У Огюста защипало в глазах. Он схватил директора за руки и умоляюще посмотрел на него.
– Только сегодня! Позвольте мне выйти сегодня! – горячо заговорил он. – Клянусь, я вас не подведу! Вы не пожалеете… Я отработаю… сколько скажете! Неделю, месяц, полгода! Я так давно мечтал об этом… Прошу вас, не отказывайте мне…
Огюст сидел перед зеркалом. Вернулась давняя привычка подолгу всматриваться в свое отражение перед тем, как начать гримироваться. Так ему было проще вживаться в роль. Он смотрел на печальное лицо зеркального двойника и вдруг начинал быстрыми движениями стирать его и наносить новый образ. Тот, который знала публика и который она принимала за настоящее лицо Огюста. На самом деле настоящего Огюста не знал никто, даже его друзья… Впрочем, и друзей-то у него не было. За славу приходилось расплачиваться одиночеством.

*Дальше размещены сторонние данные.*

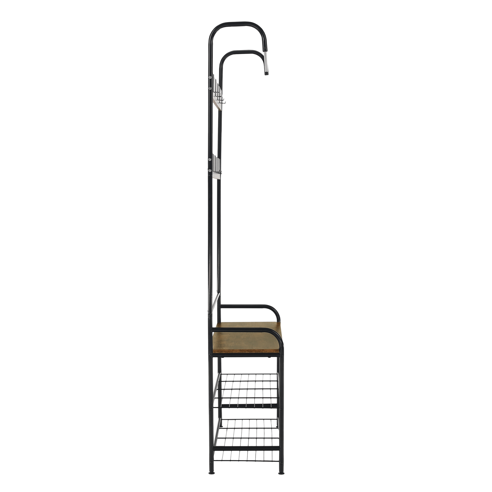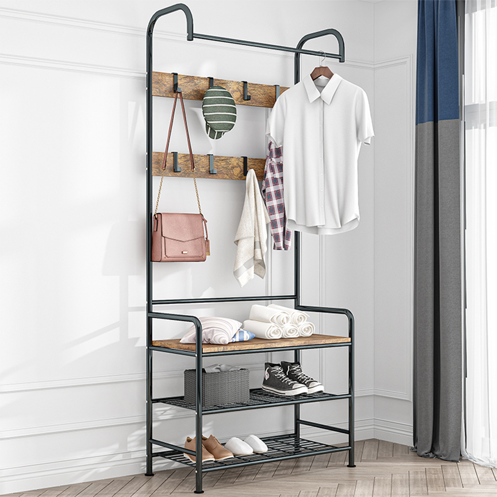 Material: metal / MDF laminat Culoare: negru / rustic lemn Dimensiuni (LxlxH): 79x32x185 cm Înălţimea de la sol la partea de jos a platformei: 4,5 cm Dimensiuni raft (lxH): 75x21.2 cm Grosime: 1,9 / 1,3 cm Capacitate de încărcare pe raft: 5 kg Capacitate de încărcare per umeraş: 2 kg Cu cârlige, tijă de suspendare, bancă de şezut Două rafturi metalice Furnizate nemontat

Он вспомнил вечера, проведенные в маленькой, похожей на эту гримерке. И неожиданно понял, что жизнь, которую он так ревниво оберегал, меняя маски, чтобы никто не разглядел его подлинные черты, – была вовсе не жизнью, даже не тенью жизни. Так, суета да маета… Настоящая жизнь началась в тот день, когда он нанялся в работники в бродячую труппу. Все лишнее, наносное развеялось как дым. Огюст даже не заметил, когда это произошло. Он делал то, что было нужно в данный момент, наравне со всеми – и был счастлив этим. Сегодня он выйдет к зрителям не как любимец публики Огюст, а как безвестный коверный Антуан. Обойденный славой, тот тянул свою лямку и относился к цирку не как к искусству, а как к ремеслу. Зрители платили ему за это снисходительным равнодушием, едва ли замечая разницу между ним и дрессированным тюленем.
Огюст вдруг вздрогнул. Он успел привыкнуть к тихой и спокойной жизни. Не дай бог, его узнают! То-то будет переполох! От него так просто не отстанут, за ним начнется настоящая охота, придется объяснять свое исчезновение, отбиваться от уговоров вернуться в суматошный мир vedettes[54]. Кто знает, как далеко может зайти публика, у которой отняли любимую игрушку, клоуна, кумира! С нее станется и растерзать виновника на части. А Огюст был и кумиром, и виновником…
В дверь постучали. Перекинувшись с вошедшим парой фраз о предстоящем выступлении, Огюст справился об Антуане:
– Ему лучше?
– Наоборот, – последовал мрачный ответ. – Никто ничего не понимает. Может, зайдешь к нему перед выходом, а?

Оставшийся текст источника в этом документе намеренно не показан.